Rotate an A2 secret (e.g. bridge_webhook_hmac):

  1. set -a; . /srv/cc-ci/.testenv; set +a (for the editor key, not echoed).
  2. In the repo: sops secrets/secrets.yaml → replace the value (or openssl rand -hex 32 | …), save. (Re-encrypts to both recipients automatically per .sops.yaml.)
  3. For swarm-secret-backed values, bump the consuming app's secret version so the reconcile re-creates the swarm secret (docker swarm secrets are immutable): e.g. drone RPC_SECRET_VERSION v1→v2 (modules/drone.nix), bridge cc_ci_bridge_*_v<n> (modules/bridge.nix). Update both ends (server + runner share drone_rpc_secret).
  4. git commit + push, sync to host, nixos-rebuild switch → reconcile re-inserts + redeploys.
  5. Verify: the consuming service is healthy and re-auth works (e.g. a fresh build triggers).
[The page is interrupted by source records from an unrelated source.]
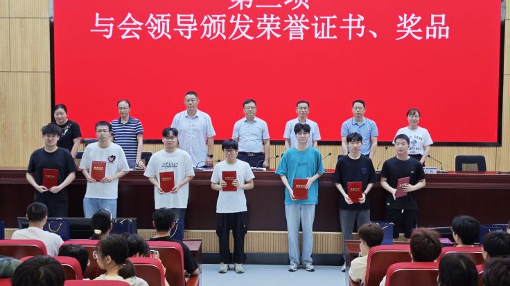 大会在庄严的国歌声中拉开帷幕,全体与会人员起立,齐声高唱《国歌》。方绍正宣读了数理学院关于表彰2025届考研优秀学子、优秀寝室的决定。与会领导依次为考研优秀学子和优秀寝室代表颁发荣誉证书与奖品。一本本证书、一份份奖品,承载着学院对他们努力的肯定与鼓励,台下掌声雷动,向优秀榜样致以敬意。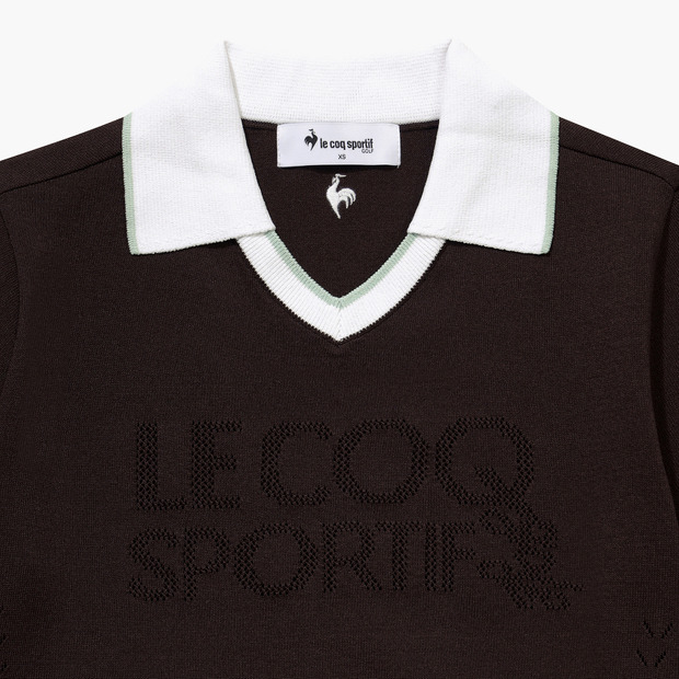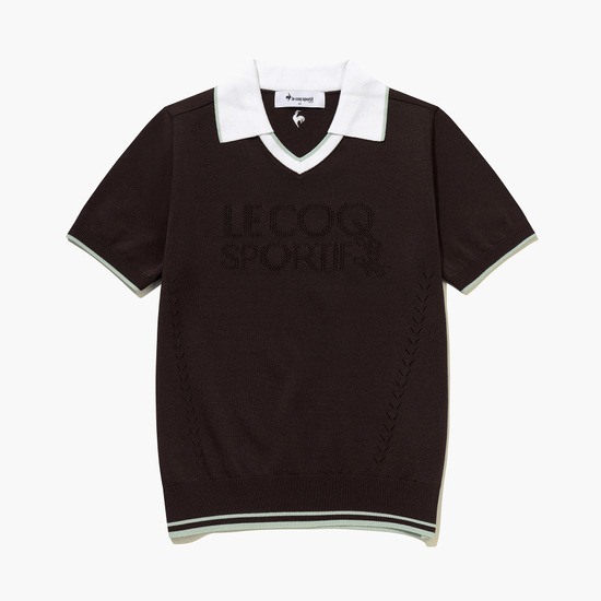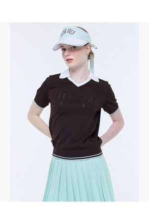 여성 레터링 조직 반팔 카라 스웨터 (GQ322LKP71)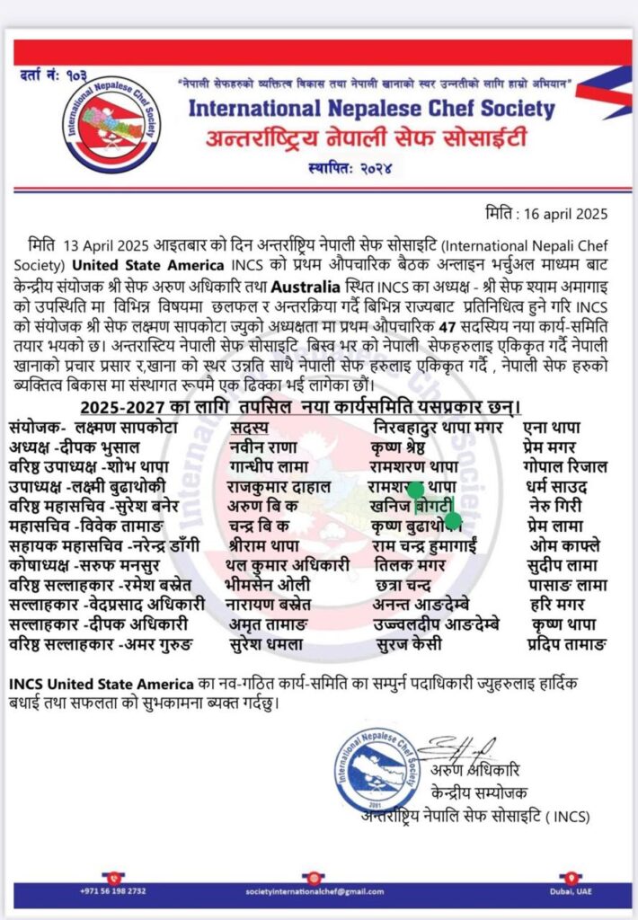 १३ अप्रिल २०२५ आइतबार, अन्तर्राष्ट्रिय नेपाली सेफ सोसाइटी (International Nepali Chef Society – INCS), संयुक्त राज्य अमेरिकाको प्रथम औपचारिक बैठक भर्चुअल माध्यमबाट सफलतापूर्वक सम्पन्न भएको छ। बैठकमा अमेरिका भरिका विभिन्न राज्यहरूबाट नेपाली सेफहरूको सक्रिय सहभागिता देखिएको थियो।

Re-key sops recipients (e.g. cc-ci host re-provisioned → new host age key): add the new age1… to /.sops.yaml, sops updatekeys secrets/secrets.yaml (run from the build host, which holds the master identity), commit. The master recovery key lets you re-encrypt even if the host key is lost.

Class B — recipe app secrets (the harness generates per run; NEVER a blocker)

  • Generated at install: abra app secret generate <app> --all (+ any deterministic test fixtures the harness chooses) when the recipe deploys.
  • Persisted for the run: the same generated values survive install → upgrade → backup/restore because abra/swarm holds them keyed by the per-run app name (<recipe[:4]>-<6hex>); the harness re-reads them between stages. Concurrent runs are isolated by the unique per-run app name (and MAX_TESTS=1 means no concurrency anyway).
  • Destroyed at teardown: the same teardown that removes the app/volumes runs abra app secret remove <app> --all (+ docker-secret cleanup by stack name as a fallback). Nothing generated for a run outlives it.

No-plaintext guarantees

  • Secrets are referenced by /run/secrets/<name> path or read inline (e.g. PGPASSWORD=$(cat /run/secrets/…) inside the app container), never printed by the harness.
  • abra does not echo generated secret values; reconciles redirect secret-generate stdout to /dev/null.
  • The results dashboard renders run status only (no log bodies); per-run logs live in Drone's UI.
  • Adversary leak test: greps published Drone logs + the dashboard for the known infra-secret values and any generated app password → must be zero. (Baseline + recipe-CI log scans: clean.)